Retailers are prioritising investment in e-commerce platforms above in-store IT systems as businesses prepare for...
more high street store closures with the move to online, according to research.
The IT in Retail report from consultancy Martec, sponsored by JDA software, analysed the systems strategies of 150 top UK retailers, representing sales of £203bn and 70% of the UK market.
While e-commerce has grown 16%, overall sales rose by just 1.5%, suggesting a cannibalisation of high street sales, it said.
Brian Hume, managing director of Martec, estimated that this equates to the closure of 40 stores per week, with that figure expected to rise significantly as more people shop online.

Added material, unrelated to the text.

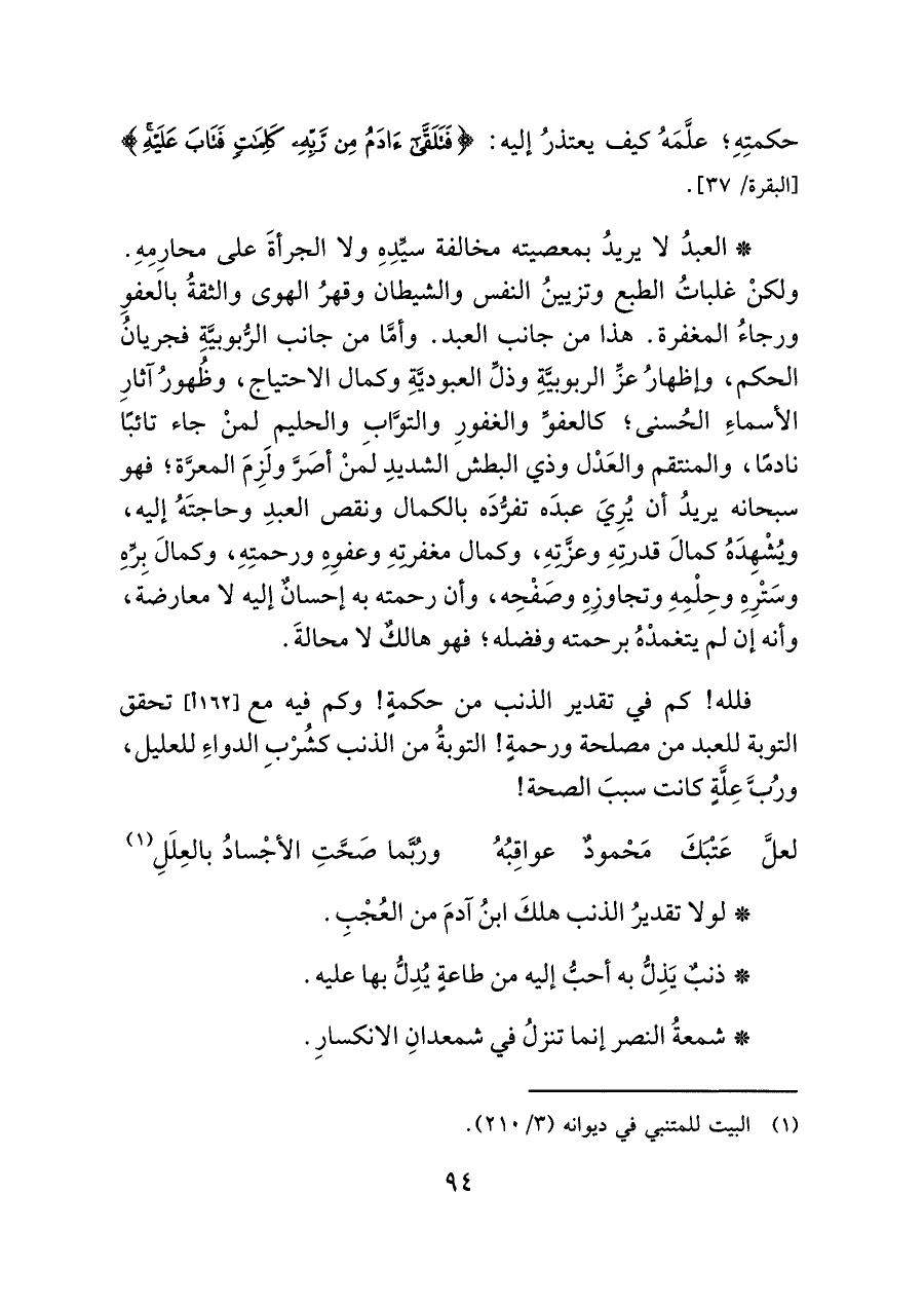 فلله! كم في تقدير الذنب من حكمةٍ! وكم فيه مع تحقق التوبة للعبد من مصلحة ورحمةٍ! التوبةُ من الذنب كشُرْبِ الدواءِ للعليل، ورُبَّ عِلّةٍ كانت سببَ الصحة!

Department stores expect up to 40% of their sales to eventually come from online shoppers, with other retailers expecting it to consist of around 20% of sales.
The research found retailers were prioritising investment in e-commerce platforms above in-store IT for the second year running.
“Where stores are spending money upgrading store systems software, a lot of that is about supporting multi-channel retail, such as click and collect. There is upgrade expenditure on application software, but what they are not buying is lots of hardware. Where they are buying new hardware, it is to support e-commerce growth," said Hume.
He said certain stores, such as fashion outlets, would increasingly replace point-of-sale (POS) systems with mobile tills in the form of tablets because they have lower investment costs.
The average IT spend came to 0.9% of the overall budget – a 0.1% drop from last year. However, the survey found that e-commerce spend was increasingly coming out of other areas of budget for the business.
The research also found cloud-based computing is becoming mainstream, with 35% of retailers using one or more application in the cloud, and a further 28% planning to do so. The most important retail application run in the cloud is e-commerce, it said.
Around 23% of store-based survey respondents offer free customer Wi-Fi in at least some of their stores and another 12% are planning to do so, it found.
Hume said stores deploying Wi-Fi first could get ahead of the game by targeting customers with offers and promotions once they were on the store’s network. But he said the fear for many retailers is that customers would use networks to make price comparisons and shop elsewhere.
Hume cited the example of Currys and Comet as highlighting the stakes for retailers: “Both have similar business models in the same market – but Comet went under, while there is no suggestion that will happen to Currys. That’s because Currys got into e-commerce development a whole lot faster and more thoroughly.
"For example, Currys figured out a payment system which gave the in-store team a group commission for sales, which also included sales made online but within that catchment area. That meant staff were happy to help customers make purchases online, as they were still receiving commission.”